Un petit bijou de communication, (voir la vidéo qui suit). Il y a d’abord Leila, infirmière aux urgences à l’hôpital Saint-Louis (Paris). Minorité visible oblige, Leila est une jeune et jolie « beurette ». L’effet Obama, on vous dit... Elle nous explique, débordante d’empathie pour le malade alité dont elle tient la main, que l’encombrement causé par tout ces gens qui prennent les urgences pour un « supermarché de la santé » et l’empêchent de passer du temps avec ceux qui, eux, en ont vraiment besoin. Diagnostic: « Il faudrait commencer par éduquer les patients ». Bah voilà, c’est pourtant simple. Les urgences fonctionneraient mieux si les gens n’y allaient pas. Le bon docteur Pelloux peut remonter dans son Samu, nous, on a tout compris. Et ça n’a même pas pris 40 secondes.

Fondu enchaîné. A l’image: Louis, « maire d’une commune rurale ». Verneuil sur Avre, en l’occurrence, une charmante bourgade de l’Eure. Paré de sa belle écharpe tricolore, (portée du mauvais coté note du hérisson) l’édile nous explique que si, en 1998, il s’est battu comme un beau diable pour garder la maternité qu’on voulait lui fermer, il constate dix ans après que le centre périnatal de proximité qui l’a remplacé est un « grand succès ». La preuve, Solange, « jeune maman de 33 ans », explique dans la foulée qu’elle est « très contente » : l’idée « d’aller accoucher à 30 minutes de voiture » de chez elle l’a bien « inquiétée ». Mais finalement, concède-t-elle dans un large sourire, elle a été satisfaite. Si vous aviez un doute sur l’honnêteté de l’élu, vous voilà rassuré.

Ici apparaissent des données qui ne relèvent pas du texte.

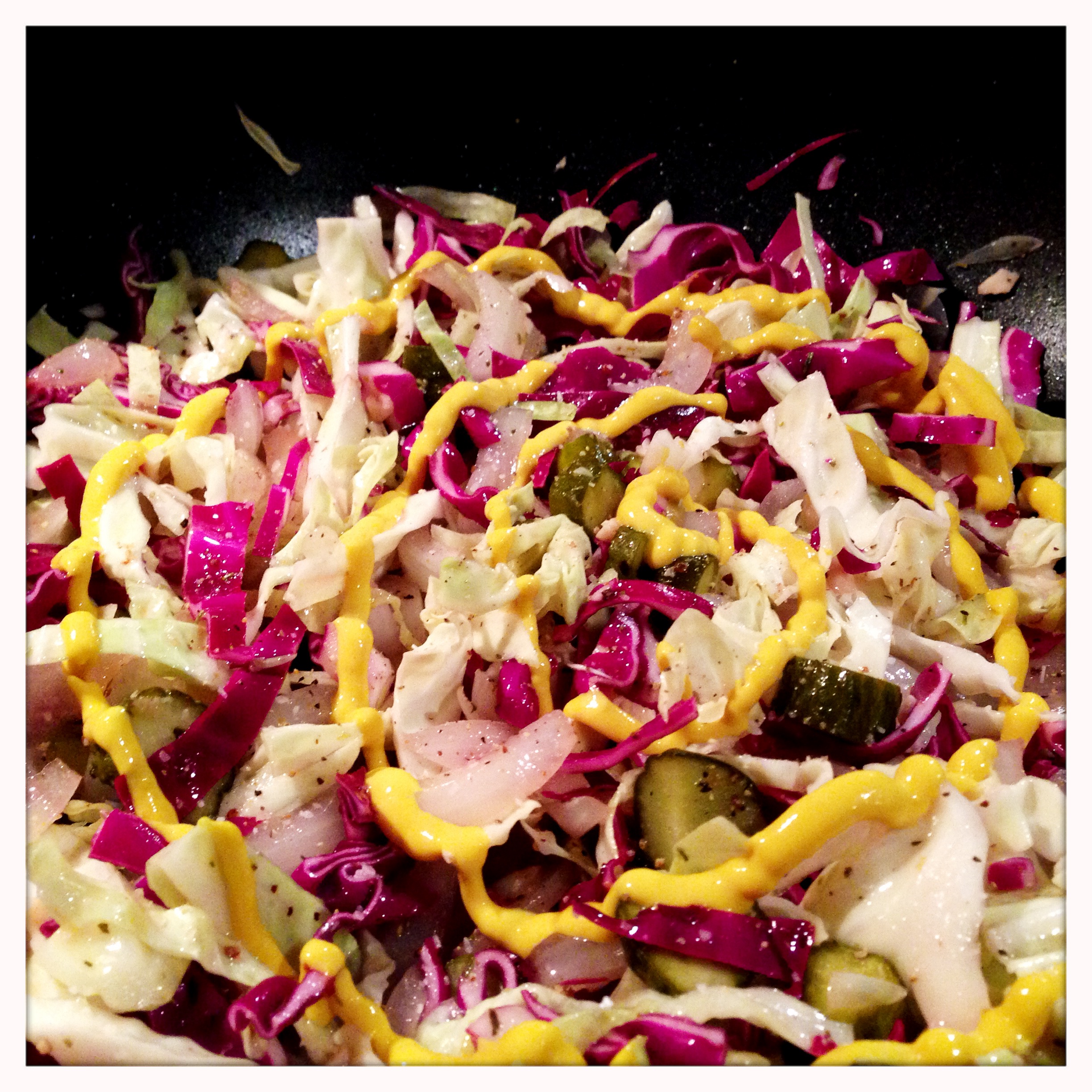 Once the onion and pickles have cooked for a few minutes, add the garlic and saute for another 1-2 minutes. Then add the cabbage. You may want to add the cabbage in batches depending on the size of your pan. It will cook down quickly as it wilts and make more space for additional cabbage. Along with the cabbage, add the apple cider vinegar, apple cider and one “spiral” of mustard.
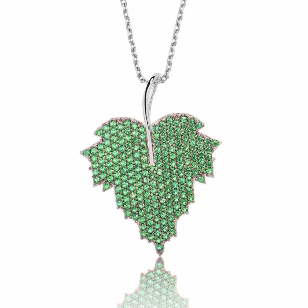 Yaprak deseni tabiattan almakta olduğu kuvveti, saygıyı ve zarafeti simgeler. ''Güçlüyüm ve yeniden doğmayı bilirim'' imajı çizmektedir ve evrene olan saygıyı belirtmektedir. Çiçekler ve bununla birlikte yapraklar, insanoğluna tabiatın verdiği en güzel hediyelerdendir. Doğanın verdiği bu bereketli hediyeyi sevdiklerinizle paylaşmaya ne dersiniz? Gümüş yeşil yaprak bayan kolye sevdiklerinizin teninde hayat bulsun. Yaprak bayan küpe; 925 ayar gümüşten imal edilmiştir. Gümüş üzerine rodyum kaplama yapılmıştır. Rodyum kaplama yapılan ürünler parlaklığını uzun süre muhafaza eder ve oksitlenmeyi geciktirir. Diğer gümüş kolyelerde olduğu gibi gümüş yeşil yaprak bayan kolye de tamamı el emeği ile üretilmiştir. Üzerinde bulunan taşlar zirkondur. Gümüş ve değerli taşlar nedeniyle belirtilen ortalama ürün ağırlığında ± %10 sapma olabilmektedir.
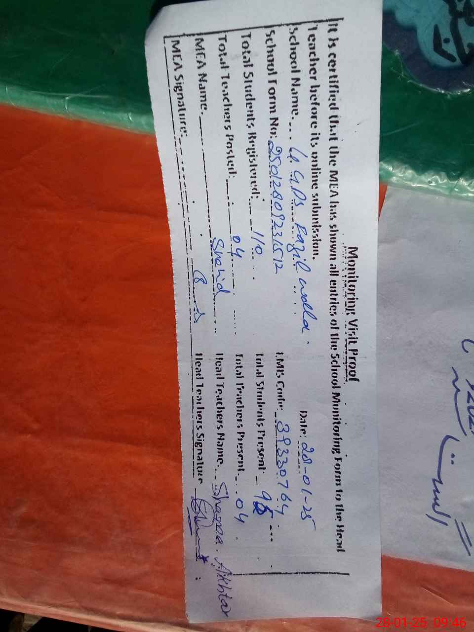 | Attendance Register | Head Teacher | MEA with School | Visit Proof |
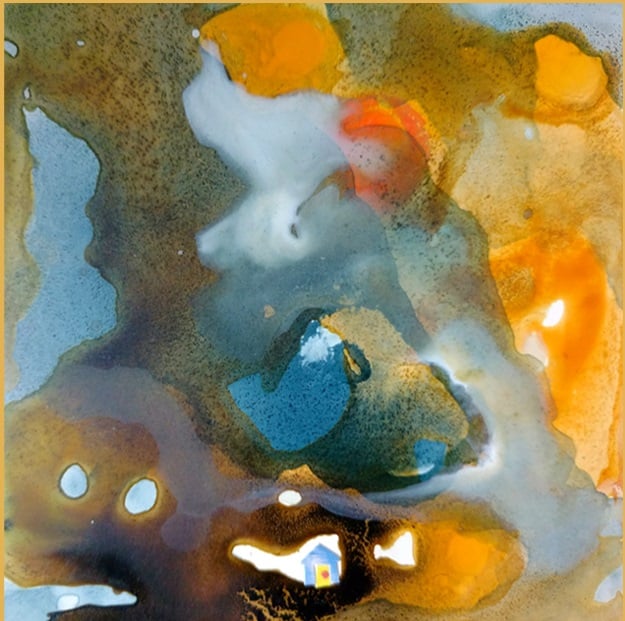 Other works reflect the series’ depth. Bartell moves from “Salutations,” with its mix of colors, to “Tidal Waves,” highlighting orange, from “Memory and Its Ghost,” portraying a sky dotted by small shapes, to the stars illuminating “Calliope Sky.” Every piece has a small house at its bottom border, but that’s a recurring motif, not a way of surveying Provincetown architecture.
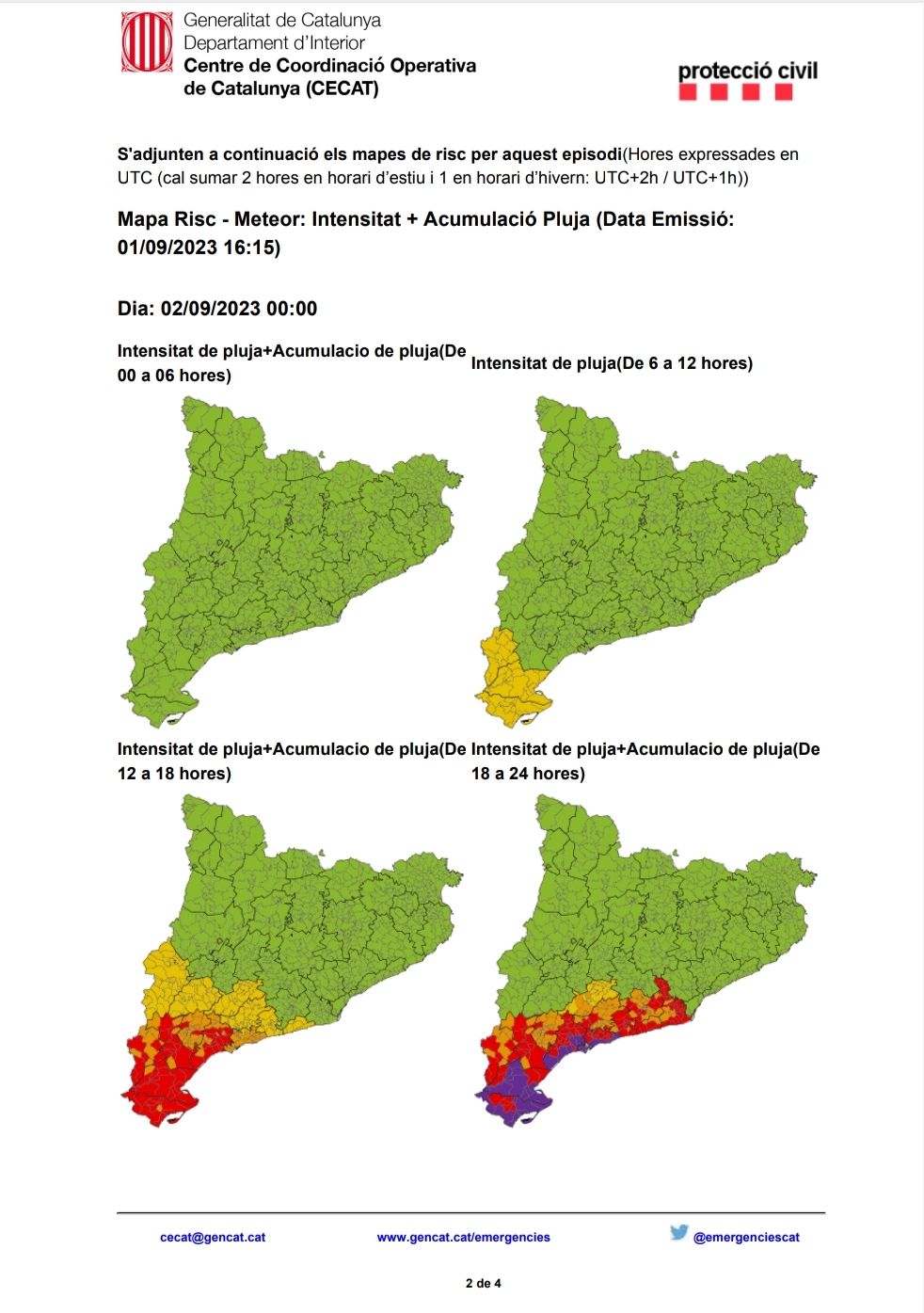 Segons informa el Servei Meteorològic de Catalunya (SMC), s'esperen precipitacions en forma de pluja que poden superar el llindar de 40 mm en 30 minuts a partir del matí de demà dissabte 2 de setembre i fins diumenge 3 de setembre a migdia a la meitat sud de Catalunya, a més del Segrià i Garrigues. Els xàfecs aniran acompanyats localment de tempesta. La distribució geogràfica del fenomen dins la zona avisada serà de caràcter local.
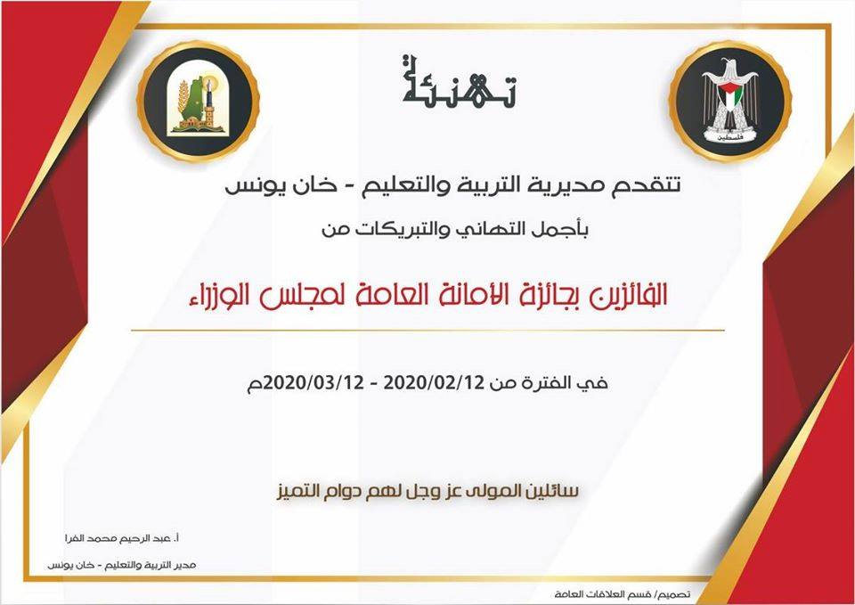 الأستاذ حمدان يوسف الاغا يفوز بجائزة الأمانة العامة لمجلس الوزراء
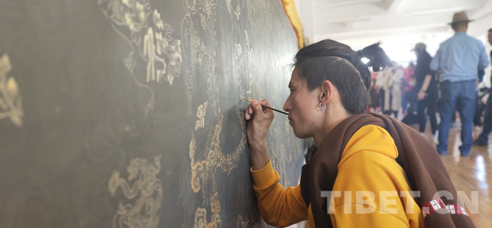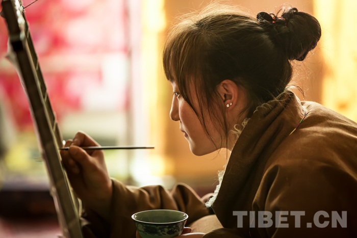 圖為進行唐卡創(chuàng)作的學員攝影:戚宇
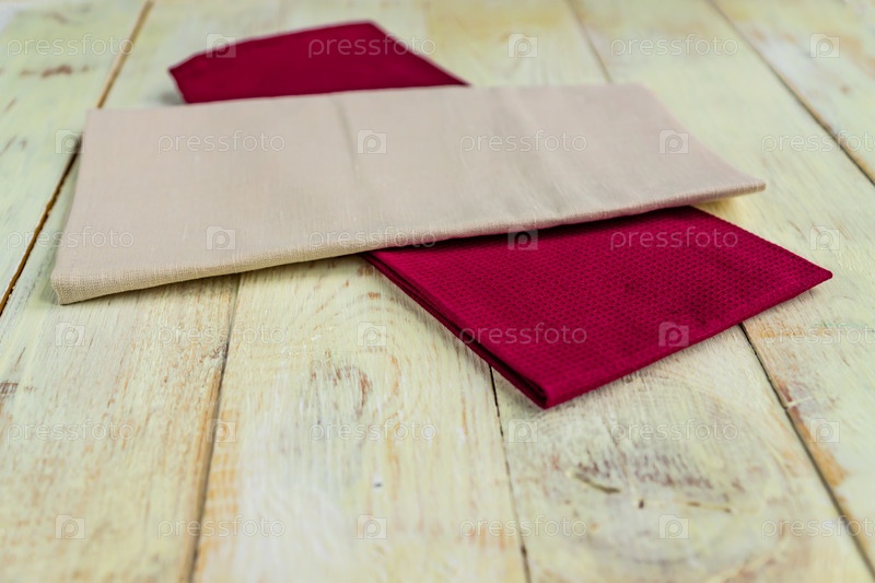 Вид в перспективе тканевых салфеток бежевого и бордового цветов на деревенском белом деревянном столе. Малая глубина резкости
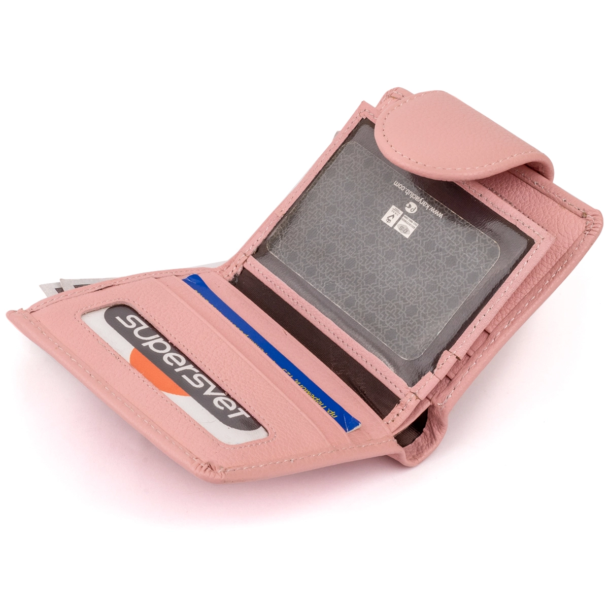 сумочку. Закрывается кошелек на кожаный хлястик с кнопкой.
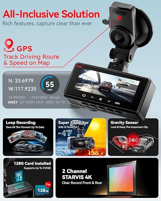 IIWEY 4K+4K Dash Cam Front and Rear, Dual STARVIS Sensor, 5G WiFi-6 (up to 20MB/s) with App, 128G SD Card Included, GPS, Dash Camera for Cars with 24/7 Parking Mode, 3.18 Inch IPS, 170° Wide Angle
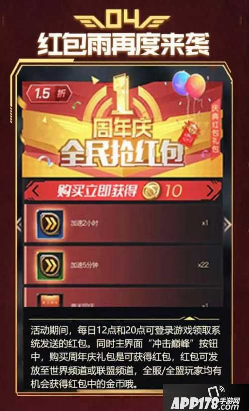 本次周年庆典还有【集盟军宝箱】和【整点红包雨】活动,奖品丰厚,福利满满!最引人注目的是【瓜分2亿金币】活动,究竟谁是最后的大赢家?让我们拭目以待!
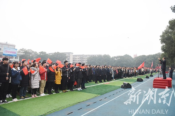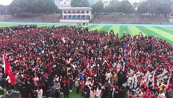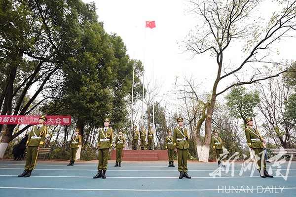 新湖南客户端12月29日讯(通讯员 熊玲芝 张云芳 何帅文)“五星红旗迎风飘扬,胜利歌声多么响亮;歌唱我们亲爱的祖国,从今走向繁荣富强……”12月29日早上,一阵阵嘹亮的歌声响彻九州线上平台上空,气势恢宏、热情激昂的“万人大合唱”在田径场举行,以迎接新年的到来。

Les crimes du Docteur Petiet

Disgrâce, acte I. Sauf que voilà. Ledit édile n’est pas un inconnu, et n’est pas si blanc. Louis Petiet, maire de Verneuil sur Avre, par ailleurs Conseiller Général de l'Eure et ami de Jean-Pierre Raffarin, est un renégat. Battu aux législatives de 2007 par « l’énarque parachuté » de l’UMP, Bruno Le Maire. Ce dernier a été bombardé dans son fief par l'ex-député de la circonscription, Jean-Louis Debré, devenu entre-temps président du Conseil Constitutionnel. Suspendu de l’UMP (dont il présidait la fédération départementale), menacé d’exclusion, Louis Petiet ne s’est pas démonté. En vain, Le Maire devient député à la place de Petiet à la régulière, dans les urnes, en juin 2007.

Disgrâce, acte II. Une mauvaise nouvelle ne venant jamais seule, le 29 novembre 2007, la Commission nationale des comptes de campagne et des financements politiques saisit le Conseil constitutionnel à propos de la situation de Monsieur Petiet. Laquelle commission rejette ses comptes de campagne. Explication officielle: 44 502 euros de ses dépenses de campagne (soit 93,5%), ont été réglés directement par Louis Petiet, avant la nomination règlementaire d’un mandataire financier. Verdict: « M. Louis Petiet est déclaré inéligible en application des dispositions de l'article LO 128 du code électoral pour une durée d'un an à compter du 17 avril 2008 ». Hors jeu.

Repentance. Cantonné dans sa mairie, le bon Petiet n’a plus qu’à faire repentance. Inéligible mais élu, c’est donc tout sourire qu’il défend, lui aussi, le bon texte de Dame Bachelot. A l’UMP, défendre les idées de la majorité, ça peut aussi être une punition.